Isolated Margin: Margin assigned to a position is restricted to a certain amount. If the margin falls below the Maintenance Margin level, the position is liquidated. However, you can add and remove margin at will under this method.
Cross Margin, also known as “Spread Margin” is a margin method that utilises the full amount of funds in the Available Balance to avoid liquidations. Any Realised PNL from other positions can aid in adding margin on a losing position.
This margin method is useful for users who are hedging existing positions and also for arbitragers that do not wish to be exposed on one side of the trade in the event of a liquidation.
Note that, by default all positions are initially set to “Cross Margin”.
AMANPURI EXCHANGE DOES NOT offer portfolio margining. Unrealised profit may not be used to offset any unrealised losses, or as margin to open new positions. This is especially important for those traders who intend to trade the spread between two derivative contracts that share the same underlying. You must realize your profit by closing a position in order for it to be used to offset losses on another contract.
In this mode, your liability is limited to the initial margin posted. In the event of a liquidation, any Available Balance you may have will not be used to add margin to your position.
Isolated Margin is useful for speculative positions. By isolating the margin the position uses, you can limit your losses to the initial margin set, and thus helps short-term speculative trade ideas that turned out incorrectly. In a volatile market, a highly leveraged position can lose equity quickly. However, note that although AMANPURI EXCHANGE aims to minimise liquidations from happening, in volatile markets highly-leveraged are more likely to be liquidated. For example, a 50x position will be liquidated after a 2% move against you.
Setting and Adjusting Isolated Margin
By default, Cross Margin is enabled. Users enable Isolated Margin on the order controls panel at the left side of the Trading Dashboard using the leverage slider. The further to the right you move the slider, the higher the leverage, and the less margin is used for the position. Note that the prefered leverage is effective per-contract and is saved, even if a user completely exits a position.
Once margin is isolated on a position, the amount of margin assigned to the position is adjustable. This allows you to choose a desirable leverage and liquidation price. Your liquidation price on the position is shown in the Open Positions tab and will update as you adjust your leverage.
Isolated Margin and Mark Price
During times of extreme volatility or during significant bull or bear runs, the markets may temporarily trade at a distance from the Mark Price.

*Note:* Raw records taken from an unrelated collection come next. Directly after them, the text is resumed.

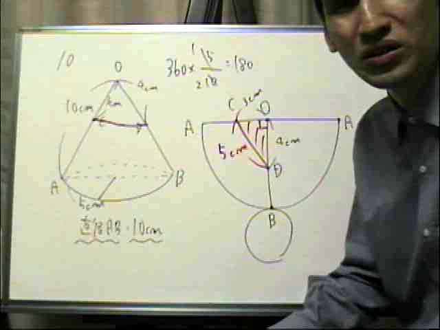 底面の直径ABが10cm、母線の長さが10cmの直円錐がある。
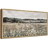 SHENIFY 20x40in Extra Large Vintage Framed Wall Art Meadow with Flowers Landscape Painting Retro Scenery Farmhouse Bedroom Above of Bed Living Room Decor - Natural Framed
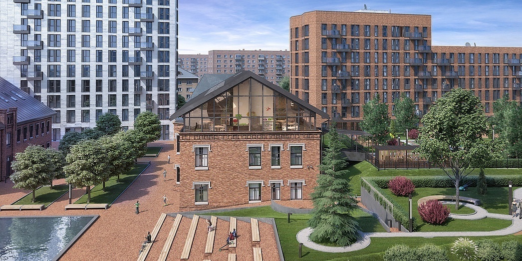 Жилой комплекс с панорамными видами на Павелецкую набережную построен на территории старинной фабрики и сохраняет в себе архитектурные традиции XIX века.
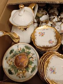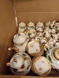 Vendo importante lotto di porcellana Bavaria vintage, composto da vari pezzi: teiere zuccheriere lattiere tazze con piattini piatti dessert pezzi decorativi lavorati (anche con figure in rilievo) 🎨 Decorazioni floreali e finiture in oro 🏺 Marchio visibile: Bavaria (Germania) 📦 Vendita in blocco, come da foto 📍 Ritiro a mano (materiale delicato)

If the price that you buy or sell at is significantly far away from the Mark Price, you will see an immediate unrealised loss on the position upon opening. However note that this does not mean that you have necessarily lost money. It is advisable that during these market conditions to pay attention to your liquidation price and avoid using the maximum leverage on Isolated Margin, since your position may be liquidated fairly quickly given the immediate unrealised loss the position saw upon opening.